> **What needs to be done**
Scan the data beneath this task and copy each line that includes "heute".

> **Source material**

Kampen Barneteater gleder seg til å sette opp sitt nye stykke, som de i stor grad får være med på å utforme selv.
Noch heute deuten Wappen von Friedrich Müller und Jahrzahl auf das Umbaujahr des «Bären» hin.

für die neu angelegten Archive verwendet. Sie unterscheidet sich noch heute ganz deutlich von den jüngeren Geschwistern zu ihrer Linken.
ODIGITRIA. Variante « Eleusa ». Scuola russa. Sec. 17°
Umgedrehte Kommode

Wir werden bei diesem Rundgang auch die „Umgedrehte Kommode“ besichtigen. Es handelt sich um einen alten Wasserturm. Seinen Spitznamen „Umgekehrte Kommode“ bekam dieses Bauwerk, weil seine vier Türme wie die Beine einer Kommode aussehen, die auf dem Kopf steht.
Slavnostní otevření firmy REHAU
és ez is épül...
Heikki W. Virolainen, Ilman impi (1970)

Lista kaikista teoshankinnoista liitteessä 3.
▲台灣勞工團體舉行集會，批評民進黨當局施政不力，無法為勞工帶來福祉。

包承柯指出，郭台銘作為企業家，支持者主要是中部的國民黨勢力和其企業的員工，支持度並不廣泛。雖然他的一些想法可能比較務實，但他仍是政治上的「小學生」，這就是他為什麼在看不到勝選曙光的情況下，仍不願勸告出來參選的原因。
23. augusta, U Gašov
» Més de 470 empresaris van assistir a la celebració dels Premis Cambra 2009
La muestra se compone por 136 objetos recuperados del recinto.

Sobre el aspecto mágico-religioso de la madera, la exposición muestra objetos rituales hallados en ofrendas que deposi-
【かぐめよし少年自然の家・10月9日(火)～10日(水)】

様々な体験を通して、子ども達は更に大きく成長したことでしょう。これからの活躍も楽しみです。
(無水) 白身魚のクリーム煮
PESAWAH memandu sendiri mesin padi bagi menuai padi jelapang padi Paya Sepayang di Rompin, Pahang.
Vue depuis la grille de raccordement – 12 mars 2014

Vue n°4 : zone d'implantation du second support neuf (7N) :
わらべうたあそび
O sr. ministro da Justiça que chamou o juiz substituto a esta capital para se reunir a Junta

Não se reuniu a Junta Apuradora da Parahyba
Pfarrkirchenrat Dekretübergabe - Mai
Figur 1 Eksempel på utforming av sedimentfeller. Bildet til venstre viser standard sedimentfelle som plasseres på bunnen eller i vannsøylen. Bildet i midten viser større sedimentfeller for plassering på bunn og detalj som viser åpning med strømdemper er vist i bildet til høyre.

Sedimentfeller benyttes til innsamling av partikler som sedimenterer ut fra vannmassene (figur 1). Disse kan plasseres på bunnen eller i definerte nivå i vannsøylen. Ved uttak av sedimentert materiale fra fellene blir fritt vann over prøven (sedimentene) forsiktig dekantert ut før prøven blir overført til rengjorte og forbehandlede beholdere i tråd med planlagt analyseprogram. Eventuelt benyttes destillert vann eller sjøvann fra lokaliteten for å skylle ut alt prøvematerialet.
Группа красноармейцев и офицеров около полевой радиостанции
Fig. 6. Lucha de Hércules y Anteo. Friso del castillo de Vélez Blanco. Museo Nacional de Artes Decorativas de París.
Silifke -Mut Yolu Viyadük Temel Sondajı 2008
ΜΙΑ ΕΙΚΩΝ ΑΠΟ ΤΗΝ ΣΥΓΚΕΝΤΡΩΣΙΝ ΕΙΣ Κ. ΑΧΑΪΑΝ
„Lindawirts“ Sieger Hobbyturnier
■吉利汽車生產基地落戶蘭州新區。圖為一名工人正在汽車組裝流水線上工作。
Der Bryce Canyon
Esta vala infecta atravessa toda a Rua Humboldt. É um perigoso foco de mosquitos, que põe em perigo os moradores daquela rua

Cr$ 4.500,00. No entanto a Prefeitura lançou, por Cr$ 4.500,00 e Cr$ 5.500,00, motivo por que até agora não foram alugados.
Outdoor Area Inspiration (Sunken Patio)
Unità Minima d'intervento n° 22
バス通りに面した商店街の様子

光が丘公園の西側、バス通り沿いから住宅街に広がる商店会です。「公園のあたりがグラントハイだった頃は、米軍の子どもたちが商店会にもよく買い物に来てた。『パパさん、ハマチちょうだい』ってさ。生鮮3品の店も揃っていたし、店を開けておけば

> **Solution**
Noch heute deuten Wappen von Friedrich Müller und Jahrzahl auf das Umbaujahr des «Bären» hin.
für die neu angelegten Archive verwendet. Sie unterscheidet sich noch heute ganz deutlich von den jüngeren Geschwistern zu ihrer Linken.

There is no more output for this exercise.